En la mansión Minamoto, la masacre fue total.
Claimoor avanzando.
Agentes de la facción Águila disparando.
Yokohama caminando entre los cuerpos.
Masumoto observó la flota a lo lejos.
—El mundo cambia esta noche.
El sello ya no brillaba.
Era ruptura total.
En la costa, el acorazado principal abrió una compuerta.
Una plataforma se elevó lentamente.
Un hombre apareció.
Alto. Vestía un traje color negro. En su pecho se mostraba una hidra de siete cabezas, el emblema de la familia Karnot.
Kaisel Karnot.
Almirante supremo de la armada.
Él fue sellado hacía cinco mil años.
Un subordinado se arrodilló.
—Almirante. Confirmación: sello neutralizado. Formación completa.
Kaisel observó la costa japonesa con calma absoluta.
—Por fin… cinco mil años han pasado.
—Pero parece que la humanidad retrocedió, en lugar de avanzar.

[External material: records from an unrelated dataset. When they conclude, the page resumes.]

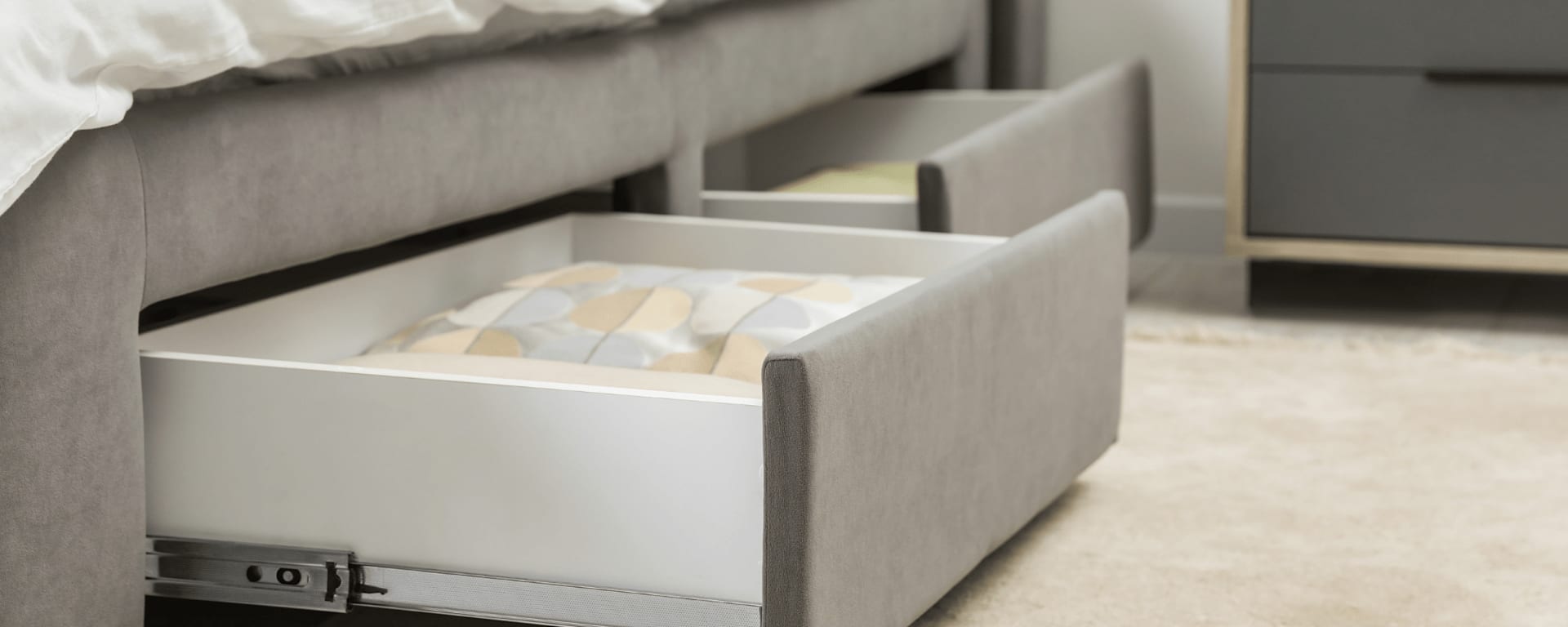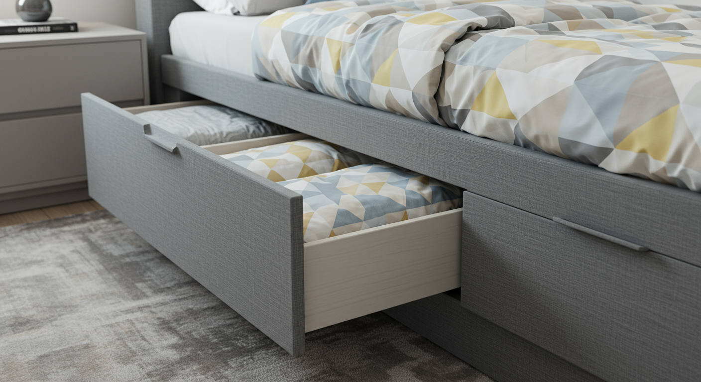 4. Under-bed storage: Utilize the space under your bed by using storage containers or bins for items like clothing, shoes, or extra bedding.
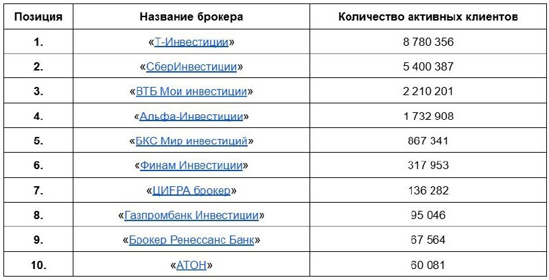 Топ брокеров по количеству активных клиентов
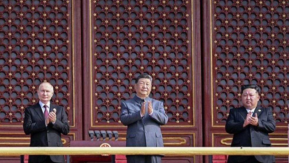 北京の天安門で並び立つプーチン大統領、習近平主席、金正恩総書記(朝鮮中央通信から)
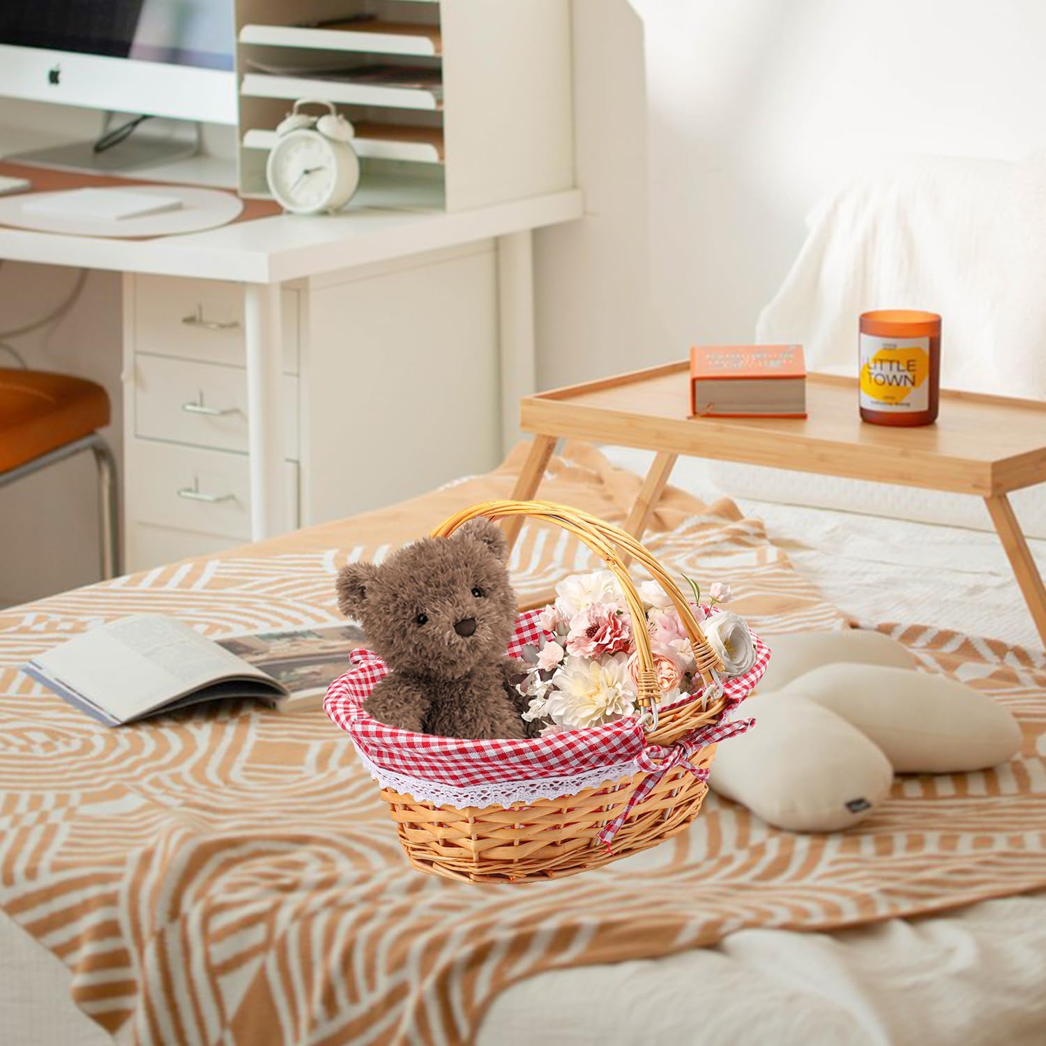 2 Pack 12.6 Inch Natural Wicker Basket with Checkered Lining, Oval Wicker Woven Basket with Handle, Willow Woven Picnic Baskets for Picnic, Camping, Party(Small)

Ferdinan, segundo comandante de la flota, respondió:
—Todas las naves están listas.
Kaisel alzó la vista.
—Es hora de que paguen esos traidores.Los Seres Supremos cometieron el error de dejarnos con vida.
Miró el horizonte.
—Hermanos… esperen. Ya voy por ustedes.
Las naves comenzaron a alinearse.
Los sistemas energéticos alcanzaron máxima potencia.

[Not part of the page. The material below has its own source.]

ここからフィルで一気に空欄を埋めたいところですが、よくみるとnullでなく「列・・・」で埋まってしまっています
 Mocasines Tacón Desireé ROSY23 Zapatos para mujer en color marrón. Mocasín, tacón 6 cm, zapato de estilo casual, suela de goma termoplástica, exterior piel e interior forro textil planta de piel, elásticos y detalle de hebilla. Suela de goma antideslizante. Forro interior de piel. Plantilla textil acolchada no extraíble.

En Alemania, Atlas confirmó la amenaza global.
En Irlanda, el parche del sello principal vibró.
En Brasil, la reliquia robada brilló.
Y en Rusia, la marca en la espalda de Noah comenzó a arder de forma descontrolada.
El dolor lo hizo caer de rodillas.
Eleanor lo sostuvo antes de que cayera al suelo.
—¿Qué sucede?
Mikhail respondió:
—Estamos en problemas. Mira tu brazo.
La marca de Eleanor parecía tener vida propia. El tigre se movía bajo la piel.
—¿Qué es todo esto?
—Lo que siempre temimos —respondió Mikhail—. Han roto uno de los sellos principales. El equilibrio mágico está colapsando.
Sophia llegó corriendo, sin aliento.
—Esto es malo… la mansión Minamoto fue devastada.